# hot sauce



## chinacats (Oct 22, 2012)

OK, I have a large pile of fresh Trinidad Scorpions (Moruga variety) and wanting to make a hot sauce that will last in the refrigerator for a fairly long time (these chiles are hot!). I made a hot sauce a while back that had habaneros, onions, carrots and vinegar...was pretty good, but figured you folks might have something more special! I thought about something with fruit (maybe mango), but don't see how it would last for a decent period of time unless I could freeze it.

Thanks,
Jim


----------



## bieniek (Oct 26, 2012)

Have you gave any thoughts to pineapple? 

You could burn it in the oven a little.


----------



## mr drinky (Oct 26, 2012)

I got a good bottle of tequila and made an alcohol based hot sauce for cooking. It lasts forever, but boy is it strong now. If I took a gulp of it, I would probably go to the hospital. 

Here is the recipe I used.

k.


----------



## chinacats (Oct 26, 2012)

I wound up making the Scorpion with the carrots...have two others to try and make. Tequila sounds like a hardcore winner, thanks K, have all ingredients here :doublethumbsup: will try this one out this afternoon.

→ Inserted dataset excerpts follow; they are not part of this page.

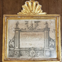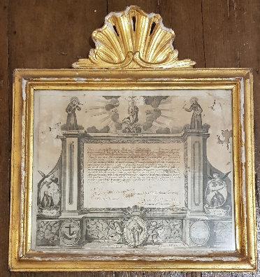 - Gravado sobre papel do célebre artista Ventura de Ágreda (1754-1786). Trátase dunha fe de hermandade concedida pola Orde franciscana a Francisco Losada Quiroga, a Francisca Bermúdez e ós seus irmáns. Asinada en San Diego de Valladolid, o 3 de marzo de 1789. Marco en madeira e estuco sobredourado con pan de ouro, rematado na parte superior cunha cuncha de vieira de gusto rococó.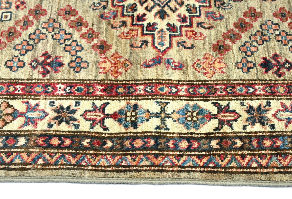 Handmade 3X4 beige oriental rug made with vegetable dyes (fine wool pile and cotton foundation), superior knot count, and alluring ancient designs. This Oriental rug never will go out of style and would be among your most valuable treasures.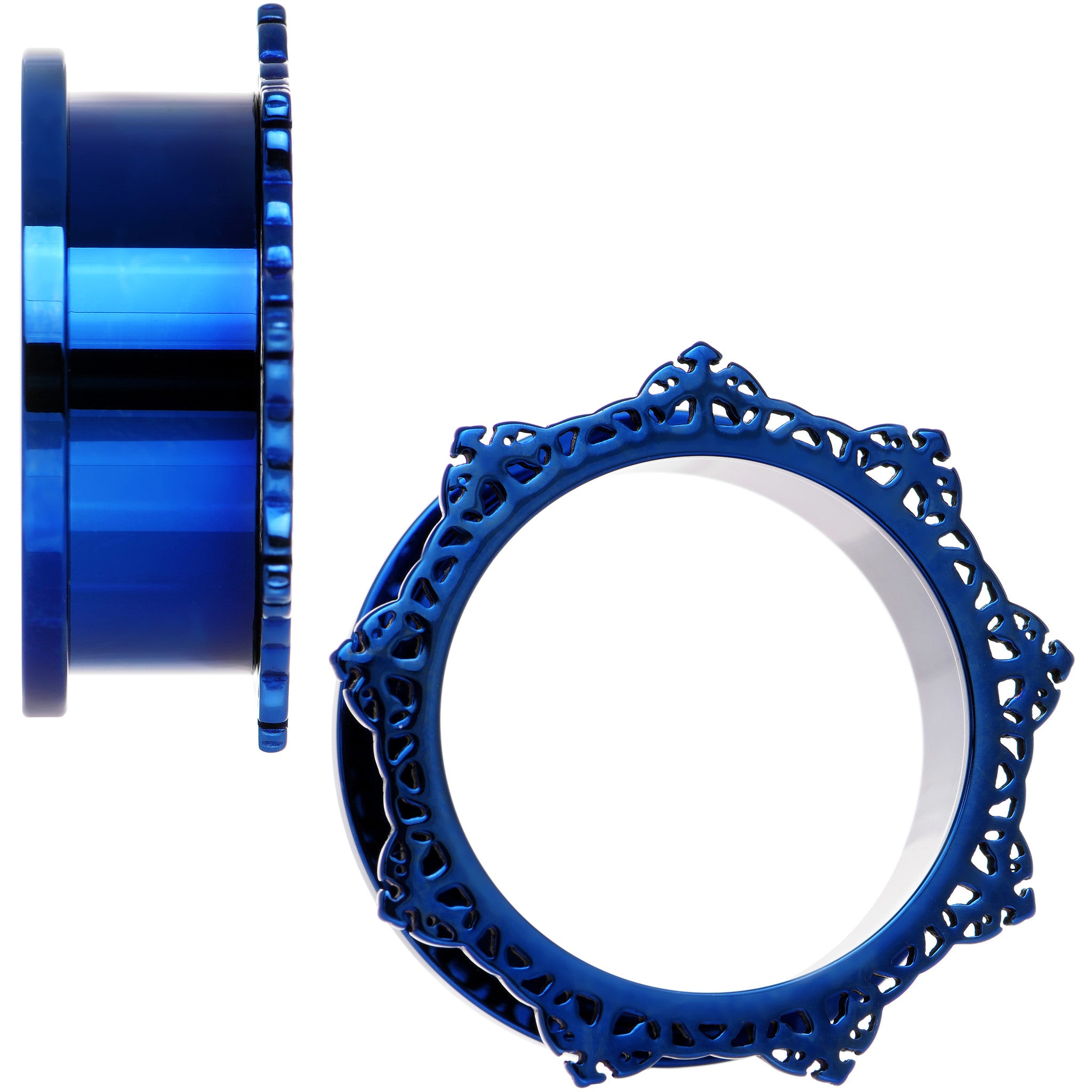 Be bold and vibrant with this set of 25mm tunnel plugs featuring a blue PVD over 316L surgical grade stainless steel design of beautiful and intricate filigree framework at the front face of each plug. These screw fit plugs are sold as a pair, so each set contains a total of two tunnel plugs to adorn your stretched ear lobes.

Bienek, like the idea of the burnt pineapple (and also happen to have one of those here as well), you think this could hold up in the refrigerator for some time?

Thanks folks,
Jim


----------



## Craig (Oct 26, 2012)

My favourite hot sauce: simmer peppers in oil with shallots and garlic until all the moisture is out (a couple of hours). You can jar them after if you want, it keeps just fine outside of the fridge until you open it.


----------



## stereo.pete (Oct 26, 2012)

mr drinky said:


> I got a good bottle of tequila and made an alcohol based hot sauce for cooking. It lasts forever, but boy is it strong now. If I took a gulp of it, I would probably go to the hospital.
> 
> Here is the recipe I used.
> 
> k.



You never disappoint do you, well played I will definitely be trying this.


----------



## DeepCSweede (Oct 26, 2012)

I hung up my thai chile's in the basement to dry and am rehydrating them as needed or grinding into powder. Has worked pretty good so far but k's tequilla sauce recipe is intriguing.


----------



## chinacats (Oct 26, 2012)

DeepCSweede said:


> I hung up my thai chile's in the basement to dry and am rehydrating them as needed or grinding into powder. Has worked pretty good so far but k's tequilla sauce recipe is intriguing.

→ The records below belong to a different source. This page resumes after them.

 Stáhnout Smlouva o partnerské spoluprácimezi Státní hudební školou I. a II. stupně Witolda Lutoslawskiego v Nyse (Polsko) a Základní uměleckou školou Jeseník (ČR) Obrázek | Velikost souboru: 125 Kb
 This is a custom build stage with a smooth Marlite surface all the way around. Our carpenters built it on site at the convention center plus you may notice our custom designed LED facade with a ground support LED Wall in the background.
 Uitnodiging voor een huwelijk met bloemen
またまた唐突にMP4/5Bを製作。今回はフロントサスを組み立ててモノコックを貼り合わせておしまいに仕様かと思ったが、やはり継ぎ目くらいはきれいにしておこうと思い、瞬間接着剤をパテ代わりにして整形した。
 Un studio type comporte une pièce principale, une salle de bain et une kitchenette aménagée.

I dry most of mine in a dehydrator (lazy way out), but trying to make use of as many of the fresh ones as I can before the first frost hits. Mainly using Trinidad Scorpions (Moruga), Naga Morich, and some very hot Thais. Can't wait to try the tequila--I bet it is deliciously dangerous:spin chair:


----------



## Deckhand (Oct 26, 2012)

While late to the party. My first thought is Jamaican Jerk sauce.


----------



## chinacats (Oct 27, 2012)

Deckhand said:


> While late to the party. My first thought is Jamaican Jerk sauce.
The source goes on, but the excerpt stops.